Can these deep-rooted values shift? The researchers believe so, though slowly. Tara Teel, a coauthor, observes that the United States is already experiencing "a shift from dominance toward more mutualist values," driven by rising incomes, education, and urbanization. Animal rights movements are reinforcing this change in various parts of the world. Yet Teel cautions against expecting rapid transformation of beliefs this ancient and embedded. The realistic path forward, she suggests, is to work within the value systems that actually exist in different places, rather than trying to impose a single approach globally.
Notable Quotes
Lethal control is the fundamental way North America addresses human-wildlife conflict, deployed for safety, agricultural production, and invasive species management.— Michael Manfredo, lead author, Colorado State University
Unless cultural differences are taken into account, it will be difficult to achieve success in international conservation efforts.— Michael Manfredo
The Hearth Conversation Another angle on the story
So this study is saying that how we treat animals is basically determined by what happened 400 years ago?
Not determined—shaped. The colonial period set up institutions, laws, and ways of thinking that persist. But people can and do change their minds. It's just slower than we'd like.
Why would British colonialism specifically lead to killing more animals?
The British model emphasized permanent settlement and transforming the landscape to suit human needs. You clear the land, you manage it, you remove what's in your way. Spanish and Portuguese colonialism was more about extracting wealth and moving on. Different logic, different relationship to the land.
And the indigenous peoples—they just got absorbed into the colonial value system?
In Latin America, it was more of a blend. Indigenous mutualist views about nature were compatible with Catholic theology, so they reinforced each other. In North America, British institutions actively pushed indigenous perspectives out of the mainstream. Same indigenous worldviews, different colonial reception.
Does this mean a wildlife program that works in the US will definitely fail in Mexico?
Not definitely.
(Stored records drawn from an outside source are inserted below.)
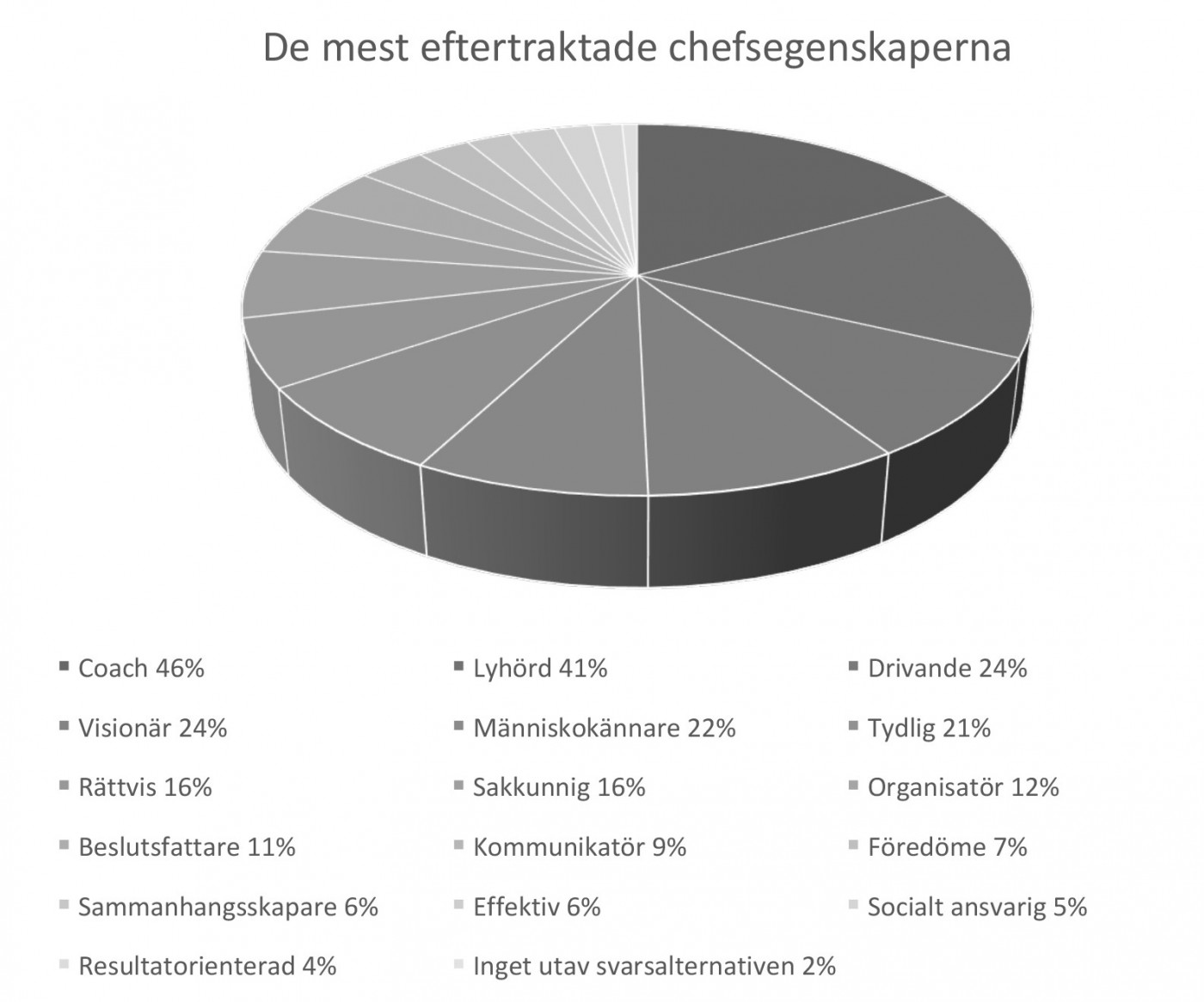 I en undersökning från 2016 har Manpower frågat svenskarna vilka egenskaper de värdesätter hos sina chefer. Resultaten visar med stor marginal att de tillfrågade föredrar en chef som är coachande och lyhörd. De som själva sitter i chefspositioner tycker att visionen är viktig, samtidigt som de yngre personerna i undersökningen föredrar en drivande chef.
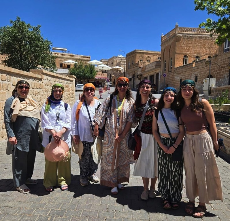 Midyat'ta tipik yivli kubbe ve minare yapılarına hayran kalan Nursel ve Ahsen Okyar, Tanzer Ünal
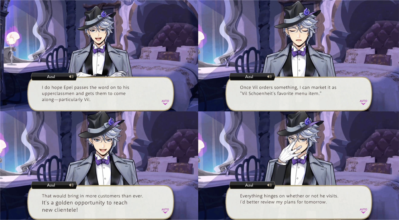 Later, it is revealed that Azul is possibly trying to use Epel to gain access to Vil: “Once Vil orders something, I can market it as ‘Vil Schoenheit’s favorite menu item.’ That would bring in more customers than ever. It’s a golden opportunity to reach new clientele!”
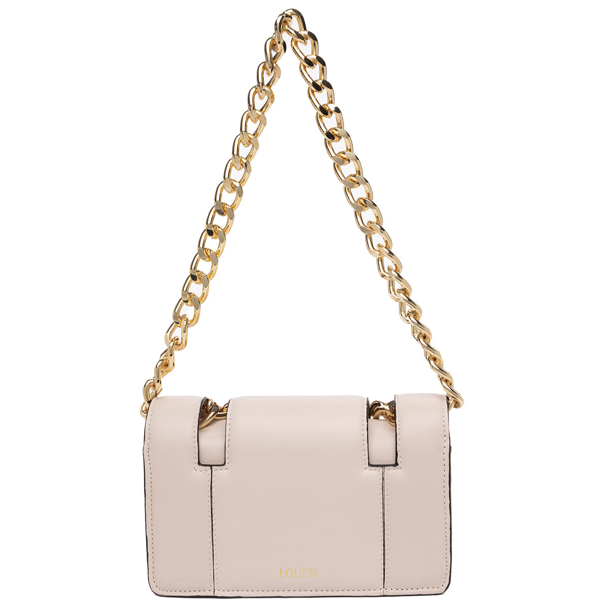A nossa Baguete Amara, traz em seu design o charmoso L, símbolo da nossa marca. Seu formato reduzido traz personalidade, tornando-a uma bolsa ideal para momentos especiais. Esta sofisticada baguete, foi pensada para você transportar seu celular e algum outro item indispensável. A Baguete Amara tem uma nobre alça de corrente dourada, contornos arredondados e o charmoso fecho personalizado da Louen. Compõe nobremente o seu look e vai te acompanhar em seus eventos elegantes.

But it will face resistance for reasons that have nothing to do with the science. A Mexican community might reject lethal control of jaguars not because they don't understand the problem, but because their entire cultural framework sees jaguars as part of the community, not as a problem to solve.
Can you actually change how a whole country thinks about animals?
Yes, but it takes time. Education, wealth, urbanization—these shift values. But you can't rush it. The smarter approach is to design conservation strategies that fit the values already present in a place, not try to impose a foreign worldview.